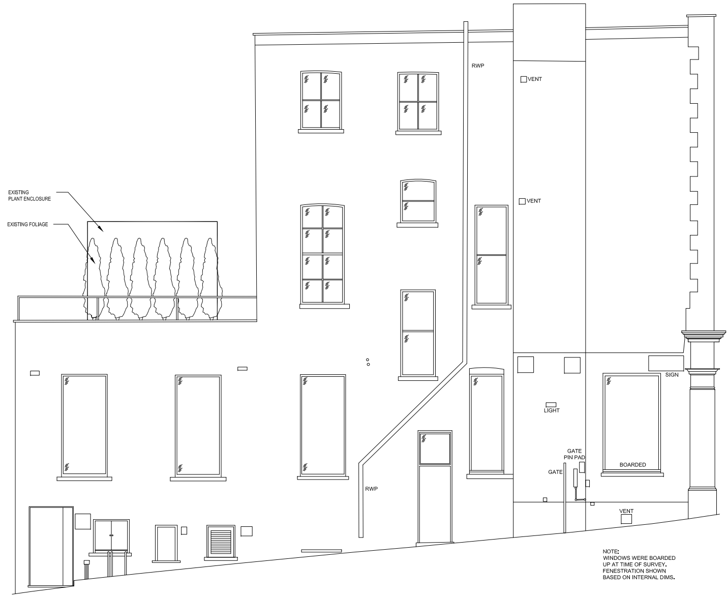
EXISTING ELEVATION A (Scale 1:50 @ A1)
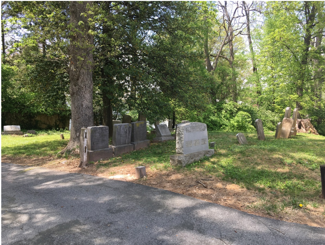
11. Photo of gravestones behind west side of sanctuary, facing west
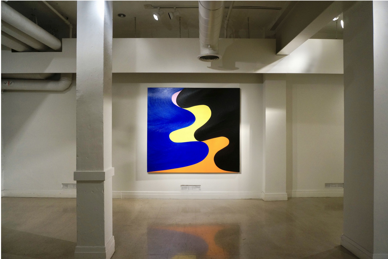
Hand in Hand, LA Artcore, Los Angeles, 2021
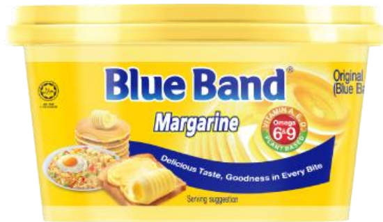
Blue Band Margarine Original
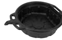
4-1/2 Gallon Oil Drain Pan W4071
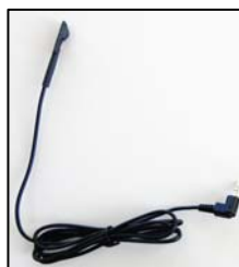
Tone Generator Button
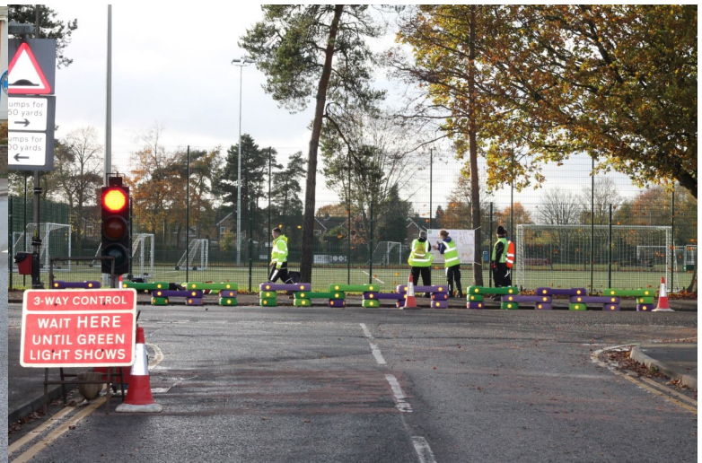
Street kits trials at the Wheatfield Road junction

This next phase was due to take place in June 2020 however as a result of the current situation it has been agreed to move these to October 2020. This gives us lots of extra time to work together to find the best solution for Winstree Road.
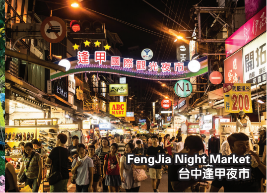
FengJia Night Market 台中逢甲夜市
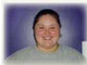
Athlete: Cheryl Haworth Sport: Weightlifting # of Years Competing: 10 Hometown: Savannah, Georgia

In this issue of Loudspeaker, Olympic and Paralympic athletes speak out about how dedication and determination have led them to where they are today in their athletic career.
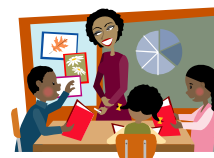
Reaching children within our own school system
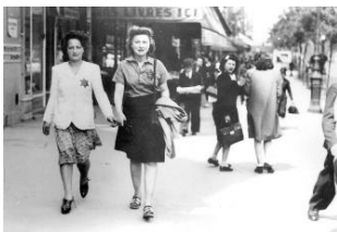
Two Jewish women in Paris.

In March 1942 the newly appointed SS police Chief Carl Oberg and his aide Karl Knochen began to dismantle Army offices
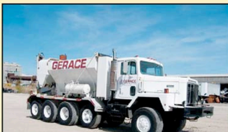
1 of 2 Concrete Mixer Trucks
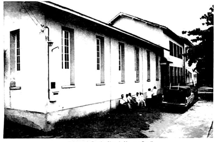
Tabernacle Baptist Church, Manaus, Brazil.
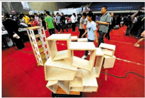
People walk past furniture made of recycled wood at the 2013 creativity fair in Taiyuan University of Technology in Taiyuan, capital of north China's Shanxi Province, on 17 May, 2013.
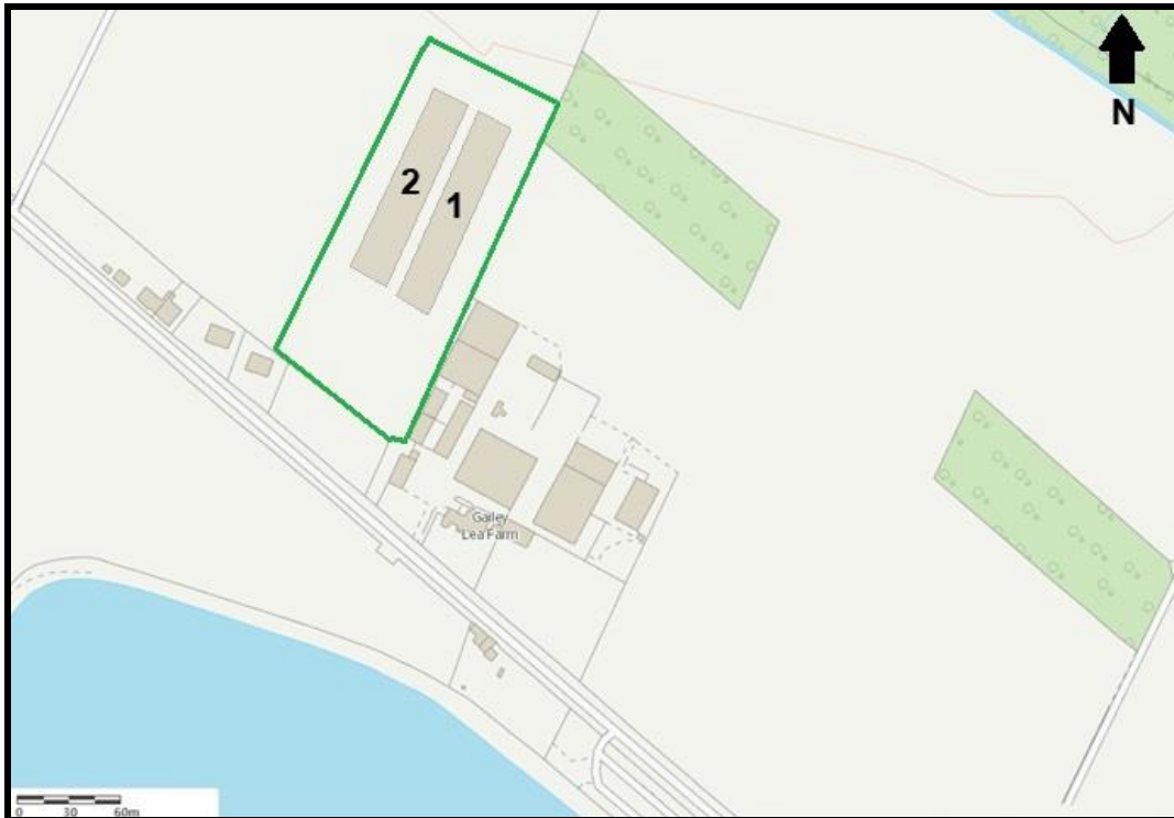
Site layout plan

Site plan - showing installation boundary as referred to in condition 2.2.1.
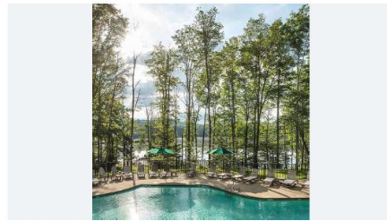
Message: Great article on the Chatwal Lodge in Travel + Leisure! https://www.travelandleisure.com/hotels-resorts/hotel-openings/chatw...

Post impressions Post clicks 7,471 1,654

□ □ □ □ □ □ □

What you have to do: Lines holding "Road": give how many there are in the entries above, and nothing more.

Your response: 2